*** Given data Section Begins ***
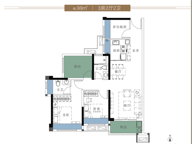 99平方米三房两厅两卫:作为100平方米以下的中小户型,除了可以做到3开间朝南,还能多一个多功能房,实现四房一步到位,绝佳的上车户型。
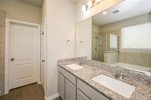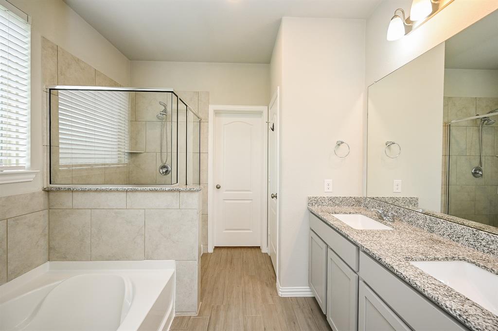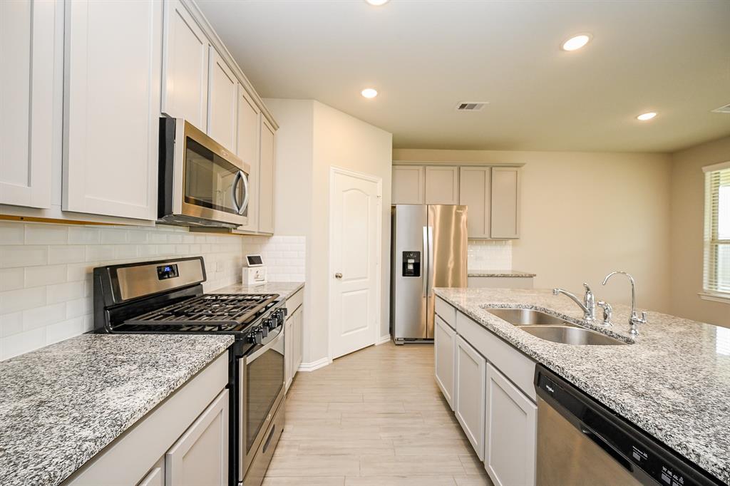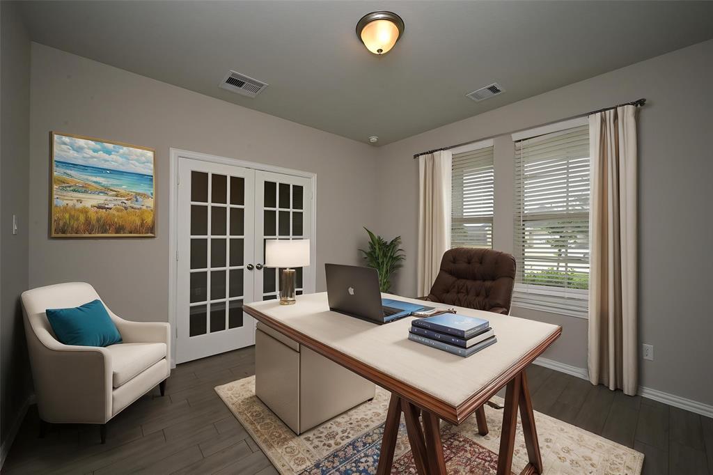 Wonderful location at end of the culdesac! Popular 2-story home on oversized lot with no neighbors directly behind you. Open concept with low maintenance "wood look" tile throughout the first floor living areas. Island kitchen overlooking the Family Room with views of the backyard. Beautiful entry with Study (or could be 5th bedroom w/closet)) with French doors and views of the covered front porch. Features include granite island kitchen with 42" cabinets. Granite in all bathrooms. Whirlpool brand appliances, tankless water heater, full irrigation system, home automated system powered by Google. Covered back patio has gas hook up for outdoor grilling. Primary bathroom offers. large soaking tub and shower. This beautifully maintained home is a fabulous find!! Shows like a model.
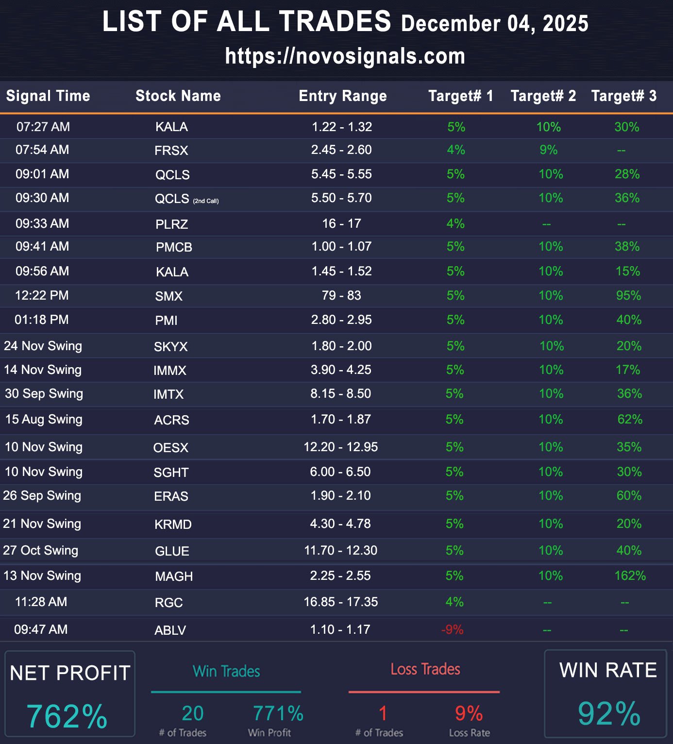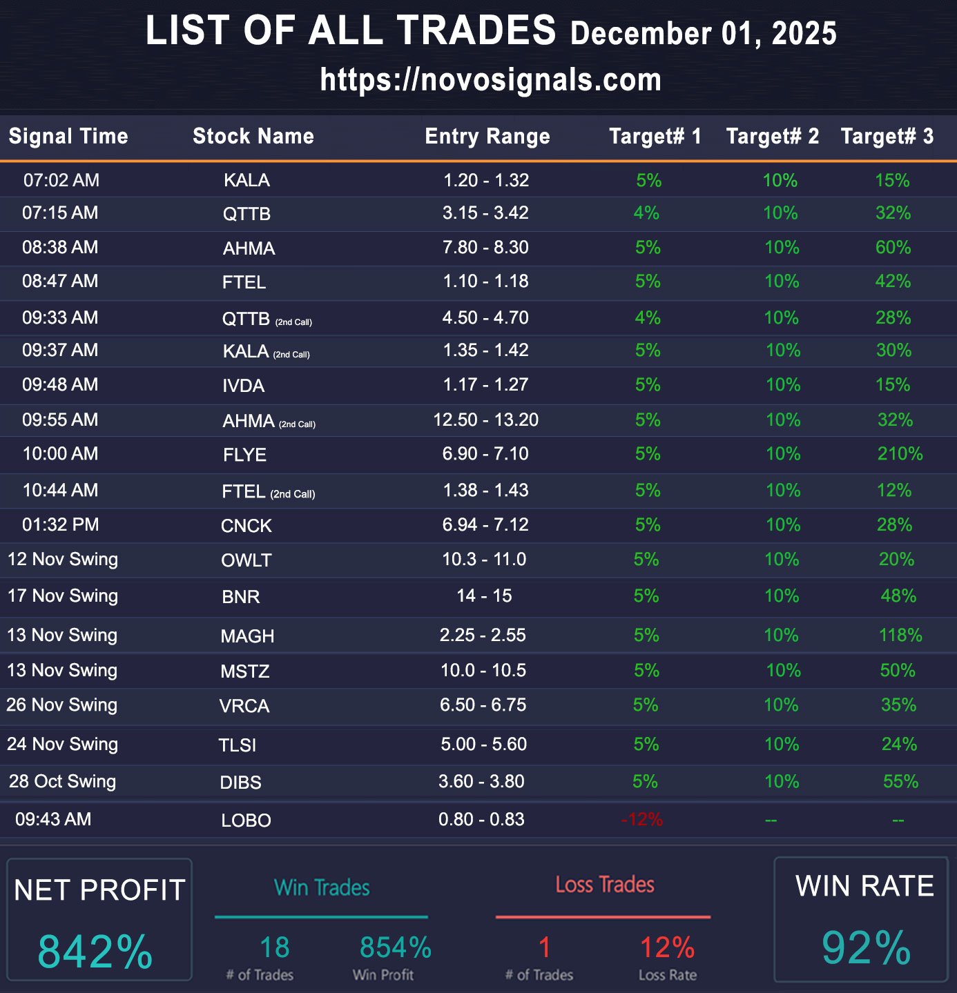 | Dec 01 | 19 | 92% | 854% | 12% |
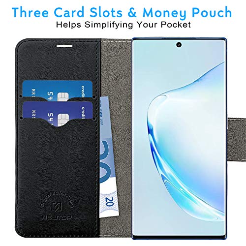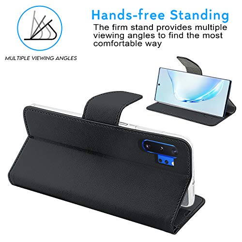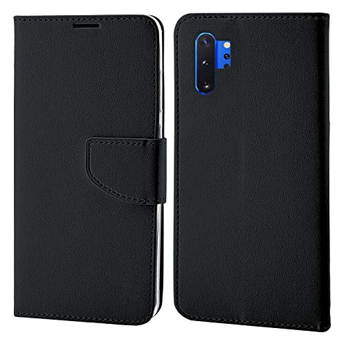 NewTop Cover Compatibile per Samsung Galaxy Note 10 Plus N975F, HQ Lateral Custodia Libro Flip Magnetica Portafoglio Simil Pelle Stand (Nero)
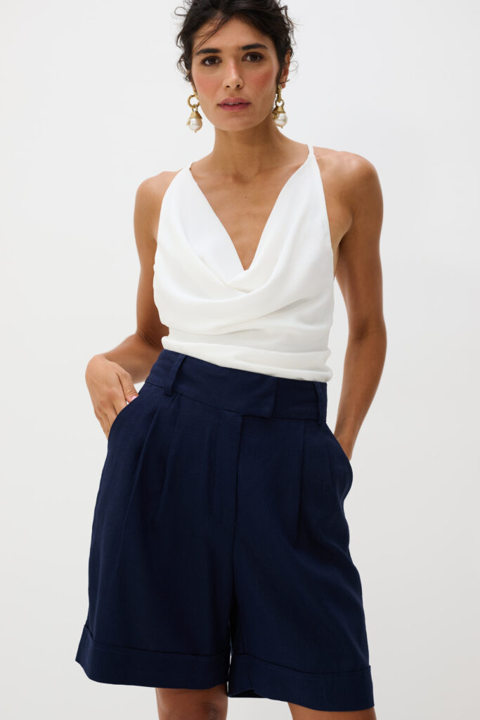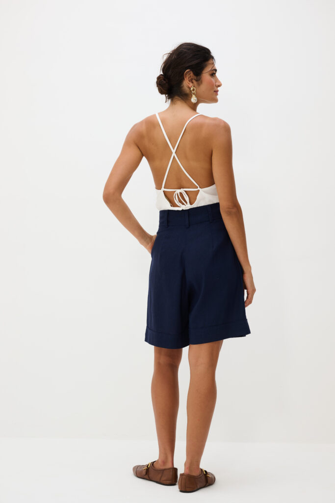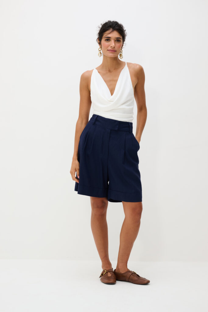 A nossa Bermuda Gaia é puro estilo! Possui a modelagem mais ampla, com corte reto, altura um pouco acima do joelho, cintura alta, pregas frontais e cós largo. Além disso, possui bolsos faca nas laterais e pences nas costas. O Fechamento frontal é por colchete duplo e zíper comum, possui passador para cinto.
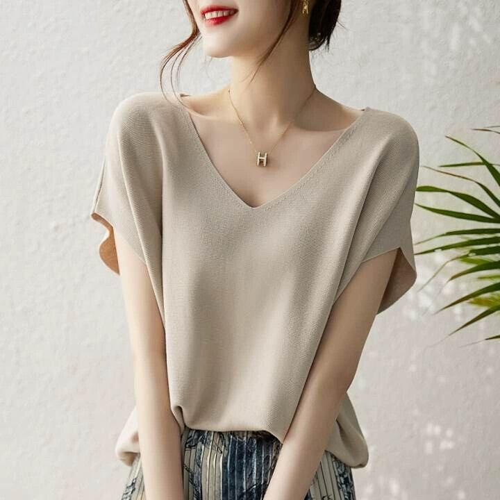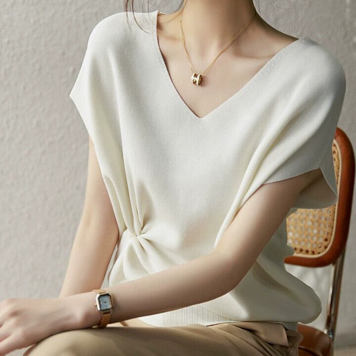 越境 ese と夏の新しいドライアセテート綿バットスリーブ薄いセクションアイスシルクファッションスリムで薄い eign スタイルのセーター コットン サマー 夏物 cat888445325327
*** Given data Section Ends ***
> **Task goal**: Any picture found in the data is to be skipped while the rest is copied exactly.

> **Result of the task**:
 99平方米三房两厅两卫:作为100平方米以下的中小户型,除了可以做到3开间朝南,还能多一个多功能房,实现四房一步到位,绝佳的上车户型。
 Wonderful location at end of the culdesac! Popular 2-story home on oversized lot with no neighbors directly behind you. Open concept with low maintenance "wood look" tile throughout the first floor living areas. Island kitchen overlooking the Family Room with views of the backyard. Beautiful entry with Study (or could be 5th bedroom w/closet)) with French doors and views of the covered front porch. Features include granite island kitchen with 42" cabinets. Granite in all bathrooms. Whirlpool brand appliances, tankless water heater, full irrigation system, home automated system powered by Google. Covered back patio has gas hook up for outdoor grilling. Primary bathroom offers. large soaking tub and shower. This beautifully maintained home is a fabulous find!! Shows like a model.
 | Dec 01 | 19 | 92% | 854% | 12% |
 NewTop Cover Compatibile per Samsung Galaxy Note 10 Plus N975F, HQ Lateral Custodia Libro Flip Magnetica Portafoglio Simil Pelle Stand (Nero)
 A nossa Bermuda Gaia é puro estilo! Possui a modelagem mais ampla, com corte reto, altura um pouco acima do joelho, cintura alta, pregas frontais e cós largo. Além disso, possui bolsos faca nas laterais e pences nas costas. O Fechamento frontal é por colchete duplo e zíper comum, possui passador para cinto.
 越境 ese と夏の新しいドライアセテート綿バットスリーブ薄いセクションアイスシルクファッションスリムで薄い eign スタイルのセーター コットン サマー 夏物 cat888445325327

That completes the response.